As Nem Um Pouco Felizes Histórias De Amor. escrita por Yang


Capítulo 4
Casmurro.




Este capítulo também está disponível no +Fiction: plusfiction.com/book/352699/chapter/4

                            – Mas de que forma Diana? – Perguntou ela curiosa com a minha reação.

                            Percebi que ele olhou discretamente para nós. Mas abaixou a cabeça assim que eu o olhei com desprezo. Voltei à atenção para Flávia. Comecei a contar tudo o que aconteceu, e ela inacreditavelmente, riu novamente.

                            – Ah, por favor, você está brincando com a minha cara não é? Como pode rir disso? – A questionei, enquanto a mesma se sentava na cadeira, ainda rindo.

                             A professora demorou a entrar na sala.
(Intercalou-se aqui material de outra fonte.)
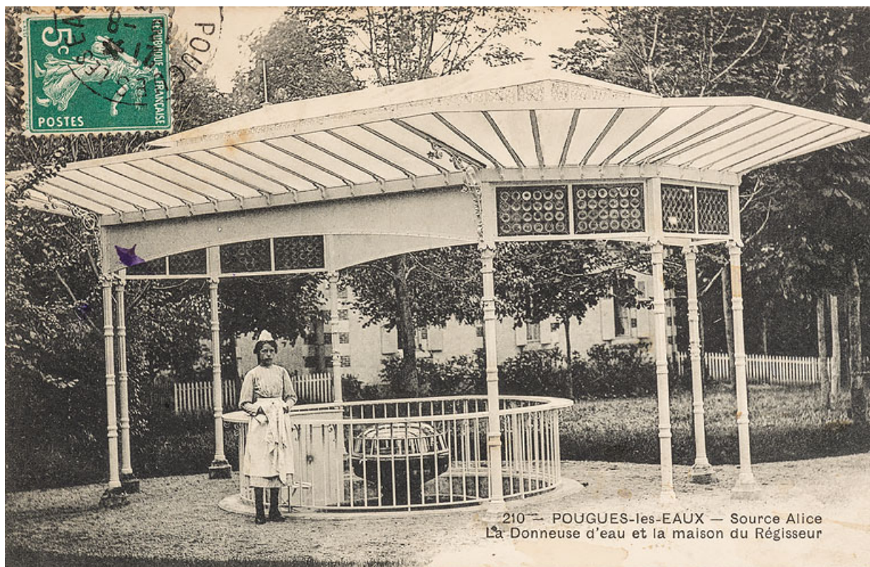
Buvette sur le site du Ponteau, vue depuis le nord.

58, Pougues-les-Eaux rue des Sources, lieudit : Le Ponteau

Era a professora de língua portuguesa, minha matéria favorita. Ela trazia vários livros em uma caixa. Logo informou a demora.

                            – Eu estava na biblioteca, buscando os livros que iremos trabalhar nesse bimestre. Aqui estão: obras de Machado de Assis.

                            Assim que ela disse Machado de Assis, lembrei-me da última obra que li: Dom Casmurro. Casmurro era o nome certo para Daniel. Babaca era fútil demais.

                           – Alguém aqui nessa sala já leu alguma obra de Assis?

                            Eu não podia me esquecer de levantar o braço. Havia lido uma obra dele nas férias. Tinha certeza que era a única naquela sala. Mas me enganei.

                           Assim que levantei o braço, dei um súbito olhar para o lado, e lá vejo Daniel, de braço levantado também. Na verdade, seu braço não estava levantado, apenas a mão aberta, apontando para cima.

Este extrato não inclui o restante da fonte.